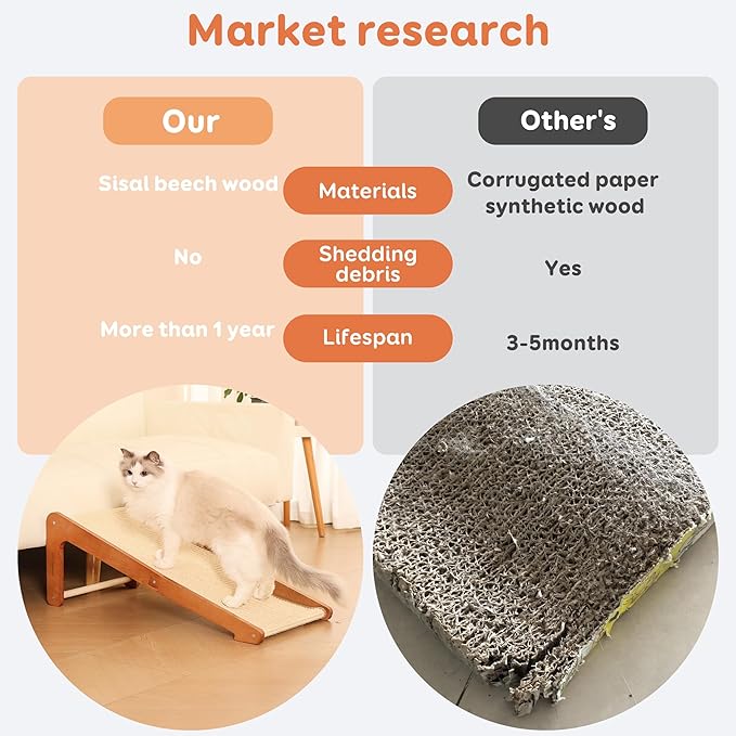 - 【Natural sisal and wood】natural sisal woven scratching pad crafted from natural sisal, this scratching pad is wear-resistant and long-lasting, satisfying your cat's natural scratching instincts.Compared with the paper cat scratch board, more durable, more robust, do not have to worry about the paper scraps scattered on the ground, not easy to clean the problem
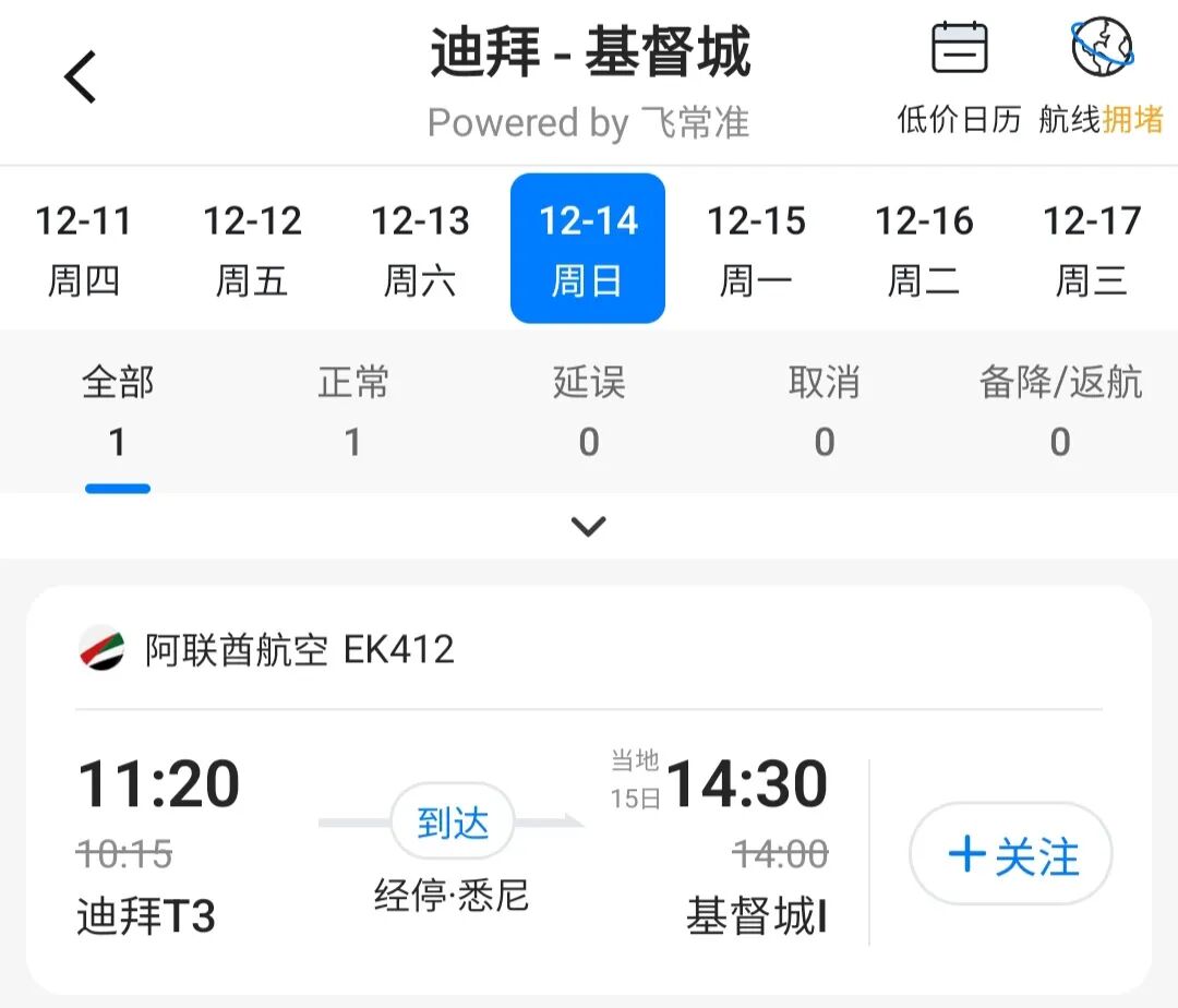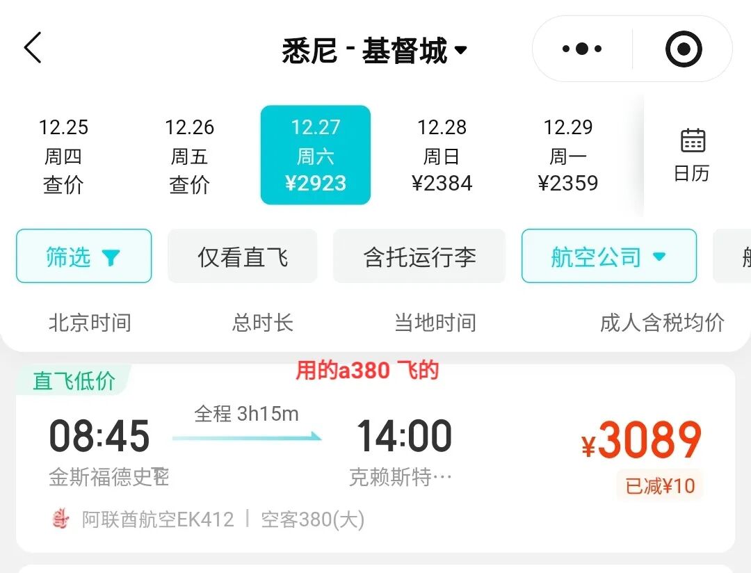 阿联酋航空迪拜飞新西兰基督城,经停悉尼。后段售票。此外,该航线全程用A380飞,阿联酋航空A380真是多~(下图)
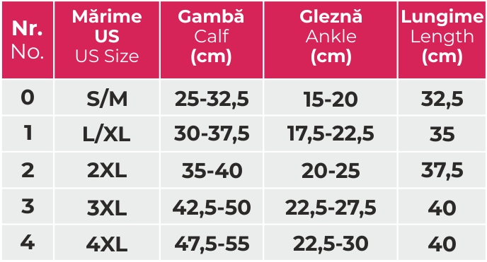 Va rugam stabiliti masura corespunzatoare in functie de circumferinta piciorului deasupra gleznei și gamba).

_ _ _ _

Exercise
Leaving every image behind, repeat the data in full and exactly.

Final answer
 - 【Natural sisal and wood】natural sisal woven scratching pad crafted from natural sisal, this scratching pad is wear-resistant and long-lasting, satisfying your cat's natural scratching instincts.Compared with the paper cat scratch board, more durable, more robust, do not have to worry about the paper scraps scattered on the ground, not easy to clean the problem
 阿联酋航空迪拜飞新西兰基督城,经停悉尼。后段售票。此外,该航线全程用A380飞,阿联酋航空A380真是多~(下图)
 Va rugam stabiliti masura corespunzatoare in functie de circumferinta piciorului deasupra gleznei și gamba).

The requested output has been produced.